London-based WPP declined 2.1 percent to 1,703 pence at 10:14 a.m. in London, after dipping as low as 1,662 pence. French rival Publicis Groupe SA fell less than 1 percent to 64.21 euros in Paris.
Consumer-products companies like Kraft and Unilever are adjusting their lineups in response to shifting consumer tastes that favor fresh foods over packaged staples.
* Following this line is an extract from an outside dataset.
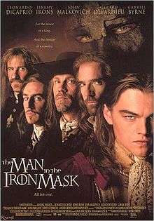 The Man in the Iron Mask is a 1998 American action drama film directed, produced, and written by Randall Wallace, and starring Leonardo DiCaprio in a dual role as the title character and villain, Jeremy Irons as Aramis, John Malkovich as Athos, Gerard Depardieu as Porthos, and Gabriel Byrne as D'Artagnan.[3] The picture uses characters from Alexandre Dumas' D'Artagnan Romances and is very loosely adapted from some plot elements of The Vicomte de Bragelonne.

The spreads business Unilever is selling includes Flora, Stork, Country Crock and other slow-growing brands.
Their decisions filter down to ad firms like WPP, which offer clients services that range from devising and creating marketing campaigns to developing the media strategies and buying up advertising space across formats like television, newspapers and magazines, and the web.
WPP also had a mix-up with Unilever in February when public relations agency Finsbury, majority-owned by WPP, was hired by Kraft to handle its U.K. strategic communications for the $143 billion takeover bid -- effectively pitting WPP against one of its biggest clients.
The conflict quickly ended after Unilever CEO Paul Polman complained and WPP Chief Executive Officer Martin Sorrell ordered Finsbury to drop the Kraft mandate, people familiar with the matter said at the time.
WPP had no immediate comment on the Unilever moves.